# Activity
Restate word for word only the lines running from the one with "304 stainless steel" to the end of the data, both ends included. Omit any pictures.

# Entries shown
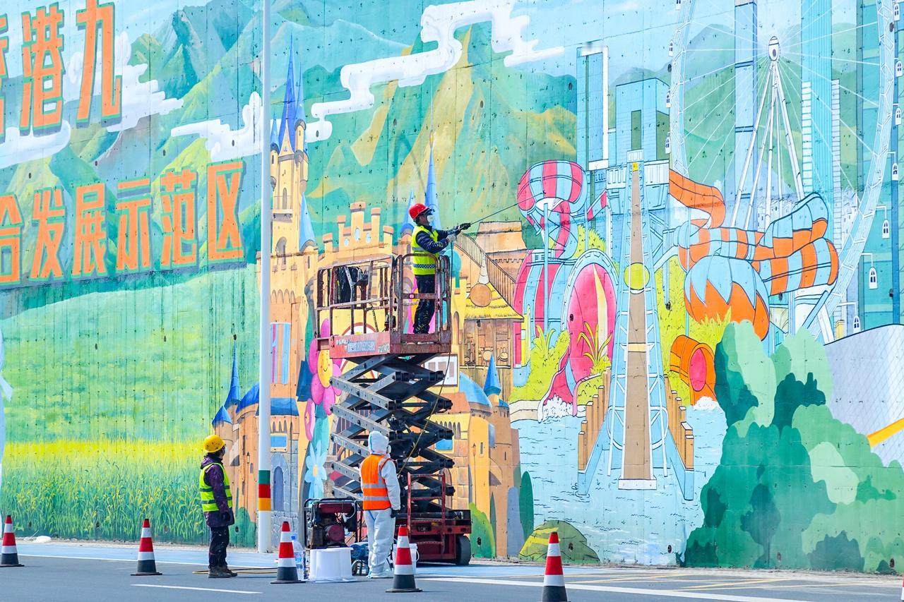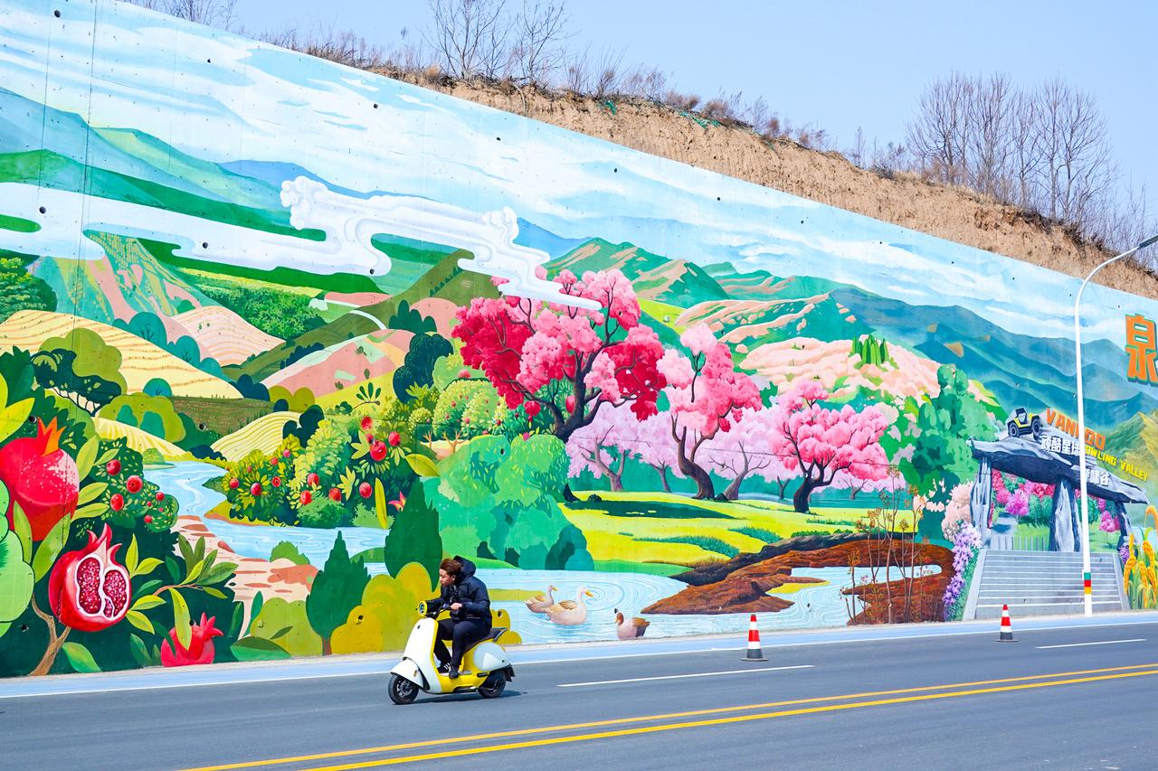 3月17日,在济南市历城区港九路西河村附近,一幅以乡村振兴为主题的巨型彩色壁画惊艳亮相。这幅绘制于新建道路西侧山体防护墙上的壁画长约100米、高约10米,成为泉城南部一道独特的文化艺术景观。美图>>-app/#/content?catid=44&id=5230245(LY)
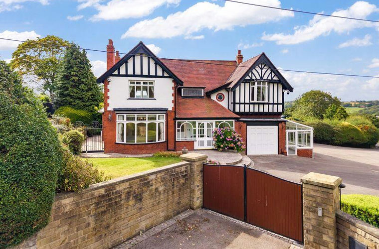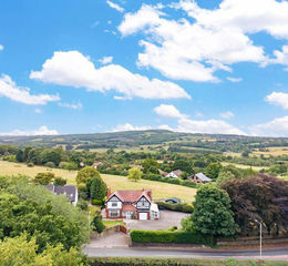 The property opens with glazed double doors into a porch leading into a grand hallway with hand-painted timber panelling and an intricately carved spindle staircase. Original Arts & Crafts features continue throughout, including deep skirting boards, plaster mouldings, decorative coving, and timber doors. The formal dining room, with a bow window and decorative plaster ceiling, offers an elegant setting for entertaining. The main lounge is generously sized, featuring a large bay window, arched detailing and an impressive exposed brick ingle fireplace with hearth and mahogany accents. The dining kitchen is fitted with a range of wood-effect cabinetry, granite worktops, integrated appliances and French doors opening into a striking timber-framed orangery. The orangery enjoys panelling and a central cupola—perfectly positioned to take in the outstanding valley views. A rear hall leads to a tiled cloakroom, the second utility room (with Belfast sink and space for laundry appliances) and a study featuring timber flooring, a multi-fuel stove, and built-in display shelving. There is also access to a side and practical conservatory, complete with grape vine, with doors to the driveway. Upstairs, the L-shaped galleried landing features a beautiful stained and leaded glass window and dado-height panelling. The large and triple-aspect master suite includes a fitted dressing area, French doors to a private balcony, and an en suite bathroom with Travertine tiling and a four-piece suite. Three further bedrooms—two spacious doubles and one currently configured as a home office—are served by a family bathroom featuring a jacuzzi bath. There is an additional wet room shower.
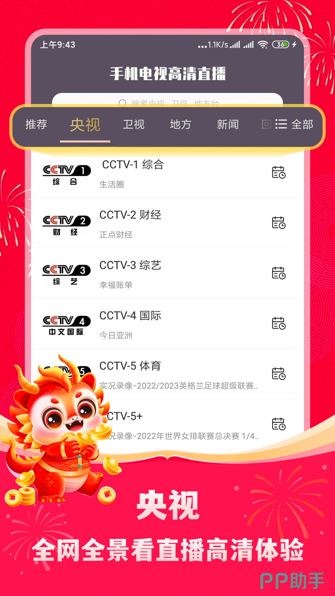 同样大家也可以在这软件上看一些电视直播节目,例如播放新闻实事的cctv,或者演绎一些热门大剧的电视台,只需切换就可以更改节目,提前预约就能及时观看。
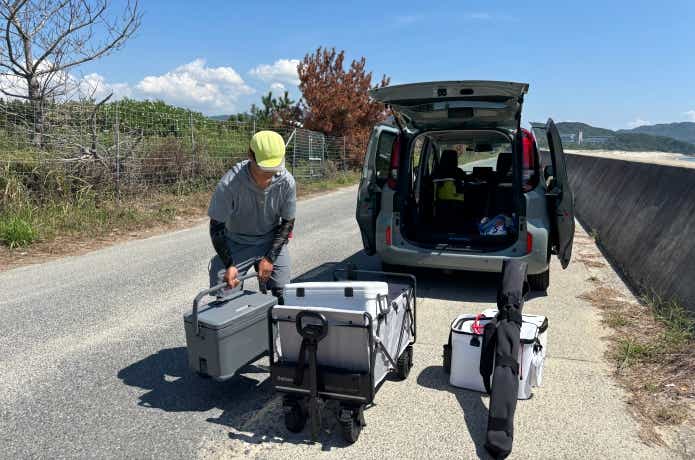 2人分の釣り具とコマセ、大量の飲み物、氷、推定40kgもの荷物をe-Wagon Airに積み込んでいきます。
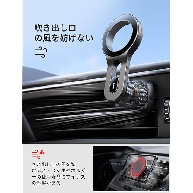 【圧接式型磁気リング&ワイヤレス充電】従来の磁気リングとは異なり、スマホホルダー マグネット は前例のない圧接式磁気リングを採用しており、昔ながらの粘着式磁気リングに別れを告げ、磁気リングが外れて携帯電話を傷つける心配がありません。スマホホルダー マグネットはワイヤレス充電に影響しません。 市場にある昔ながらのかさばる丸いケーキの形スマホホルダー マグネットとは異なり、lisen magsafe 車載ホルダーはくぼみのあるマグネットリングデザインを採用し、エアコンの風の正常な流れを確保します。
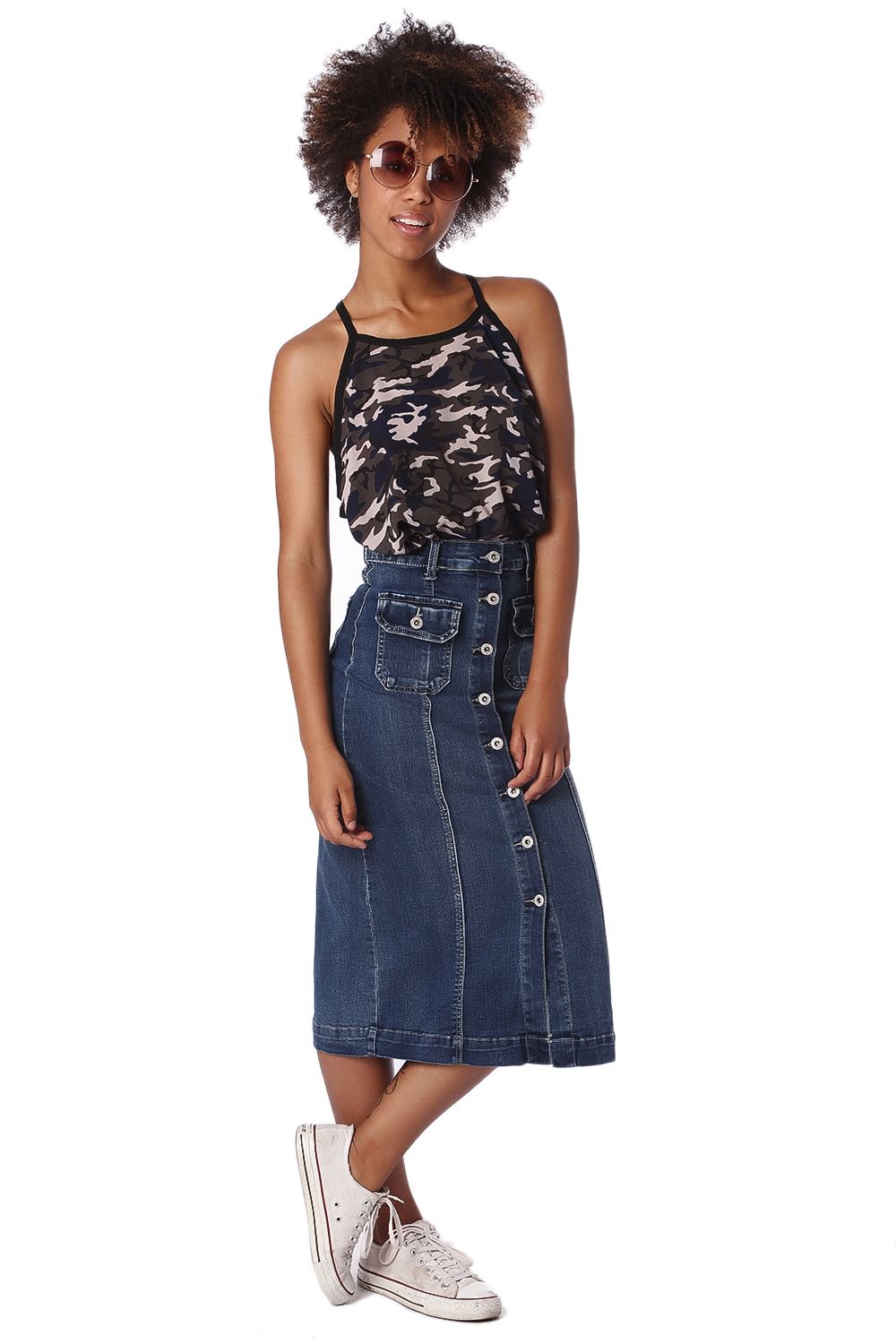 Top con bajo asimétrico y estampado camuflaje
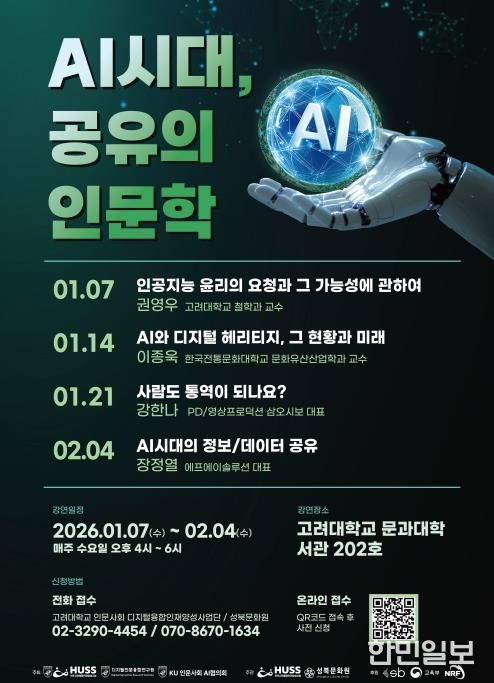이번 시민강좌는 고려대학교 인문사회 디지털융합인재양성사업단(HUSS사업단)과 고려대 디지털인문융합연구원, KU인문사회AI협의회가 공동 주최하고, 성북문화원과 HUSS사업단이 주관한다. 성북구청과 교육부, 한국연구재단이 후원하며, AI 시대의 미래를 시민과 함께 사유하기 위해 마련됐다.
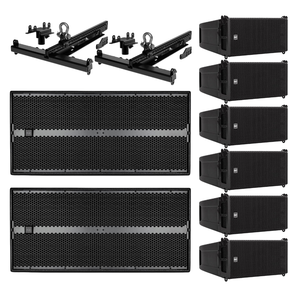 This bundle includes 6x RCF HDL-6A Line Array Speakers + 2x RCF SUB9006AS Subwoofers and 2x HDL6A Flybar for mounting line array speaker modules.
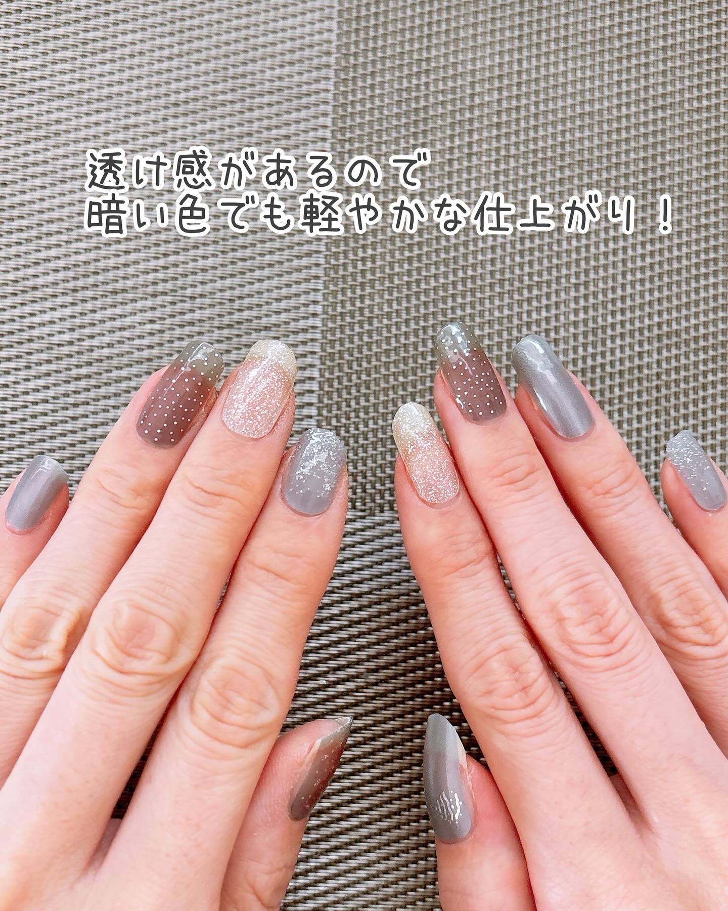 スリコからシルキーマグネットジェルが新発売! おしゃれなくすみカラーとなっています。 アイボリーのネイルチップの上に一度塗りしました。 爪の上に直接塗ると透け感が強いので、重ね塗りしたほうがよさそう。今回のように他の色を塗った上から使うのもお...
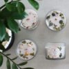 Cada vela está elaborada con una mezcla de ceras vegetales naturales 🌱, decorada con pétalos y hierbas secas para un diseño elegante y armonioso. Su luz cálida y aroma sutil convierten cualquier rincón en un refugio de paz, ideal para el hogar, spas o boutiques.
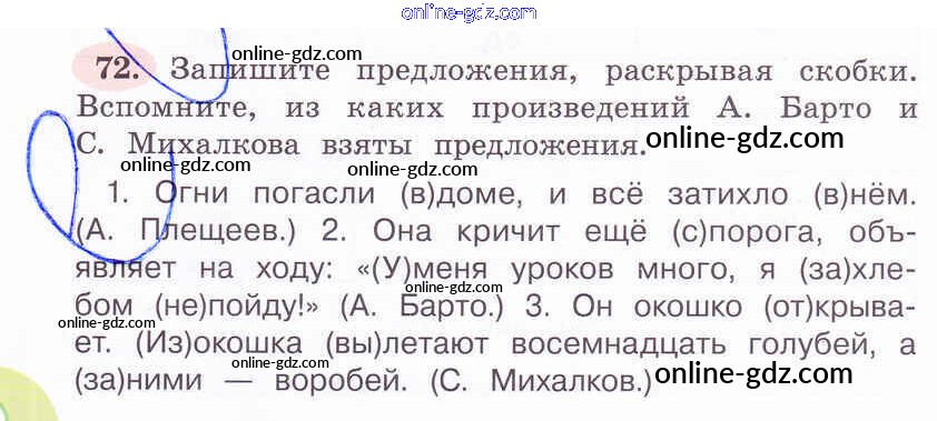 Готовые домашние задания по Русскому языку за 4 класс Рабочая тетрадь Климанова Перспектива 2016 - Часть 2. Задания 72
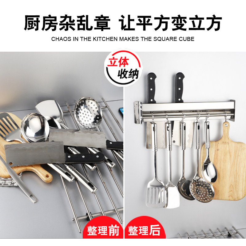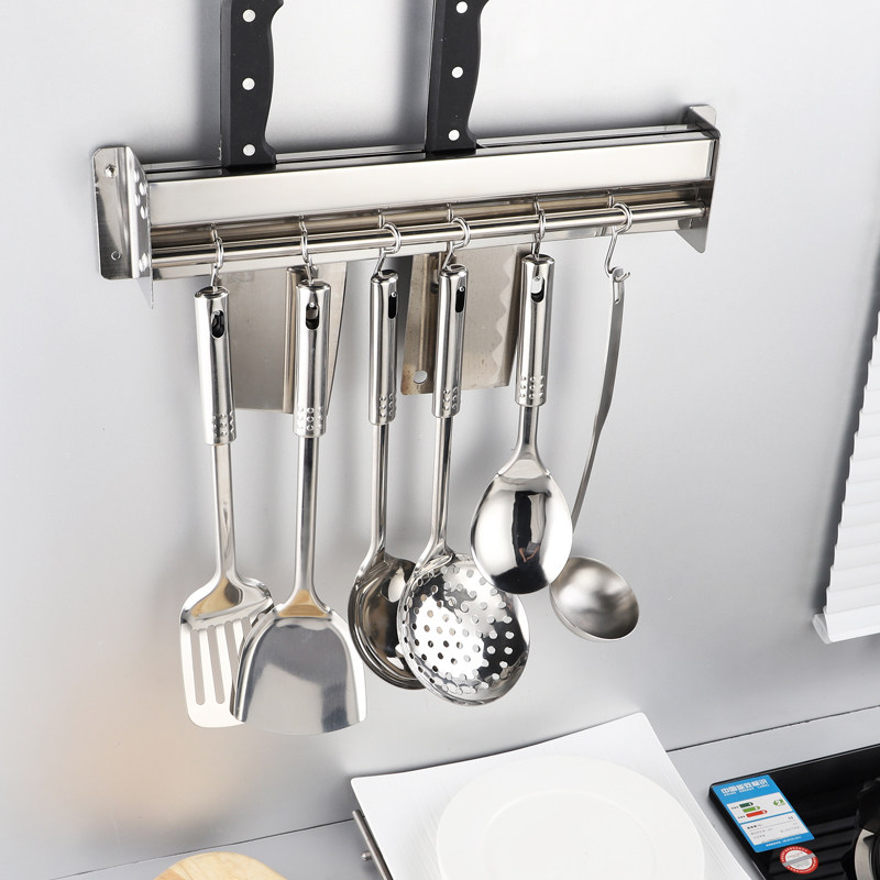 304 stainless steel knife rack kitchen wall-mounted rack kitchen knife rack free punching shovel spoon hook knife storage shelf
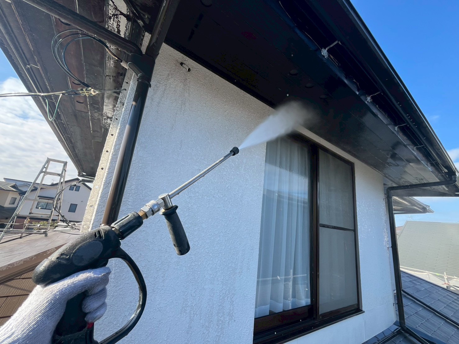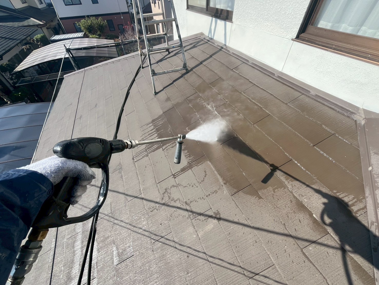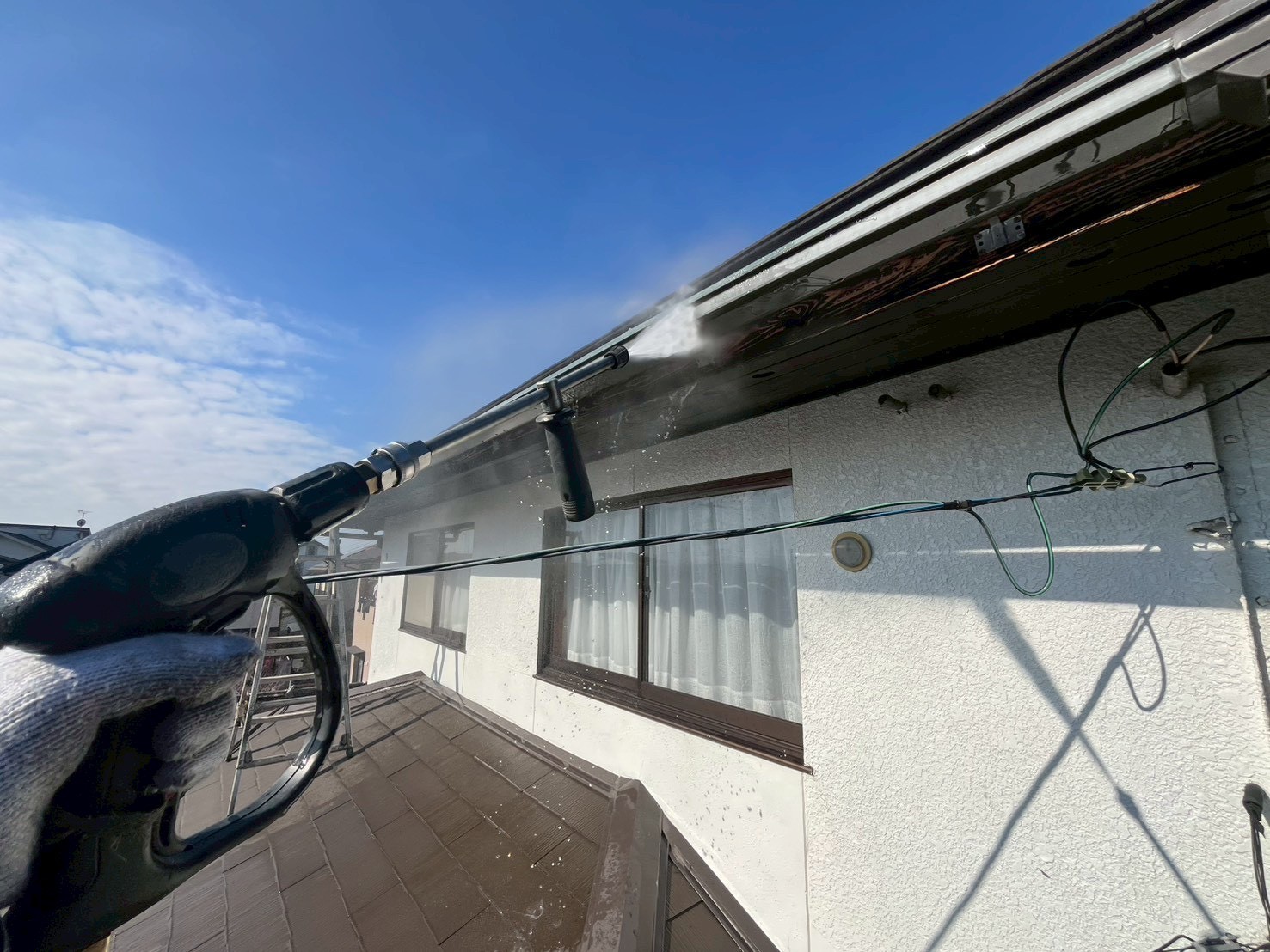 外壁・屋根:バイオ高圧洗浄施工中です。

# Answer box
 304 stainless steel knife rack kitchen wall-mounted rack kitchen knife rack free punching shovel spoon hook knife storage shelf
 外壁・屋根:バイオ高圧洗浄施工中です。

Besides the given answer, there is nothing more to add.